YYYY-MM-DDThh:mm:ss.745Z In(05) vcpu-0 - ConsolidateEnd: Snapshot consolidate complete: Failed to lock the file (5).
vmkernel will have the below entries during the consolidation attempt:
YYYY-MM-DDThh:mm:ss.551Z cpu26:19100970 opID=74f54281)DLX: 2650: vol '<VSAN OBJECT ID - VM HOME DIR>', lock at 125706240: Lock type: 10C00001. Read Lock(s) held on a file on volume
<VSAN OBJECT ID
>. numHolders:1 gblNumHolders:0,$YYYY-MM-DDThh:mm:ss.551Z cpu26:19100970 opID=74f54281)[type 10c00001 offset 125706240 v 13942, hb offset 3215360
gen 263, mode 2, owner 00000000-00000000-0000-000000000000 mtime 11919512
num 1 gblnum 0 gblgen 0 gblbrk 0] alloc owner 0
YYYY-MM-DDThh:mm:ss.551Z cpu26:19100970 opID=74f54281)DLX: 2651: vol '<VSAN OBJECT ID - VM HOME DIR>', lock at 125706240: Lock type: 10C00001. owner(s) MAC: ##:##:##:##:##:##:
YYYY-MM-DDThh:mm:ss.551Z cpu26:19100970 opID=74f54281)[type 10c00001 offset 125706240 v 13942, hb offset 3215360
gen 263, mode 2, owner 00000000-00000000-0000-000000000000 mtime 11919512
num 1 gblnum 0 gblgen 0 gblbrk 0] alloc owner 0
YYYY-MM-DDThh:mm:ss.551Z cpu26:19100970 opID=74f54281)Fil3: 5033: Lock failed on file: .<VSAN OBJECT ID - VM HOME DIR>.lck on vol 'adf2e15e-3e0d-c0a6-fffe-9440c9228f9c' with FD: <FD c288 r4>
Determine the locks held on the files by following the below KBs.
VMFS : https://knowledge.broadcom.com/external/article/314365/investigating-virtual-machine-file-locks.html
vSAN: https://knowledge.broadcom.com/external/article/326800/investigating-virtual-disk-file-locks-on.html
If the above process determines that the locks are help by two different hosts, login to the ESXi host that does not host the impacted VM and validate which process is holding the lock using the command "lsof". If it is held by a vmx process there, it is likely that the proxy vm is holding the lock.

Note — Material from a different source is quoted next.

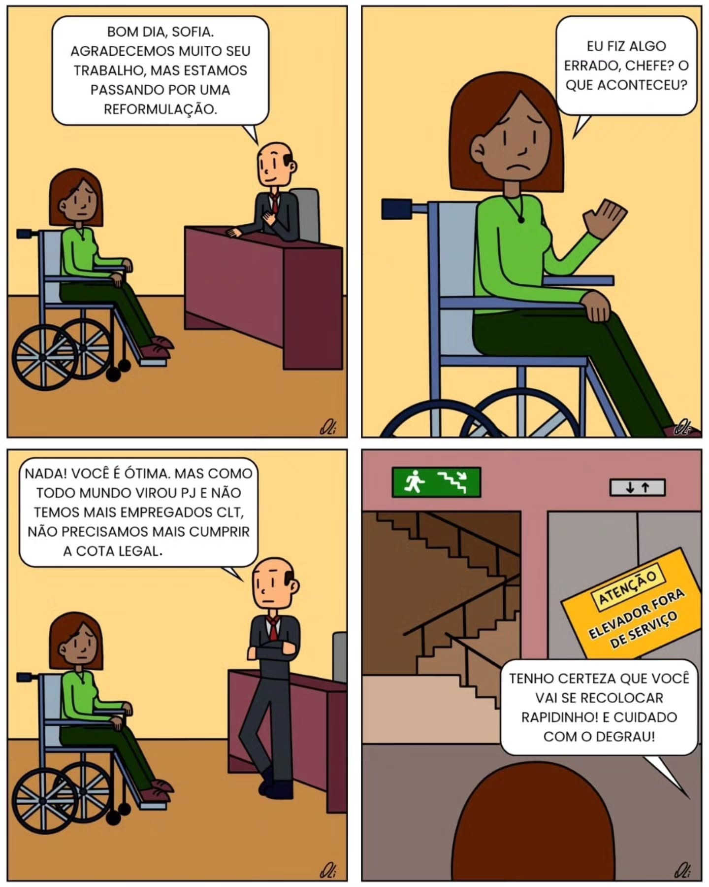 E quando a pejotização vira sinônimo de exclusão? Na nova história da série do MPT, vemos um dos efeitos mais graves da pejotização irrestrita: a dispensa de pessoas com deficiência pela simples razão de que a empresa deixou de ter empregados formais. Isso porque a cota legal para inclusão de pessoas com deficiência no mercado de trabalho — prevista na Lei nº 8.213/91 — só se aplica a empresas com mais de 100 empregados registrados pelo regime da CLT. Quando todos viram “PJ”, a empresa dribla a lei, elimina a obrigação e contribui com o aumento do desemprego entre pessoas com deficiência.

If the impacted VM and the backup proxy VM are running on the same ESXi host, the above will not display the MAC address of any other host. Thus, running lsof and filter for the file names will help to identify if there are any extra locks and determine the process id of the vmx process
If a file lock is held by a process ID that is not tagged to impacted VM, determine which vm is having that process ID. If it is a proxy VM, have the customer engaged to release the lock by de-provisioning the vmdk of the impacted VM.
They must need to review if there are any active backup jobs running on the mounted vmdk and follow the backup vendor guideline to de-provision. Often, power cycle (not reboot) the proxy VM will help to release the lock, however it should be left to the user discretion. Once the power cycle is completed, make sure to remove the vmdk reference form the backup proxy VM.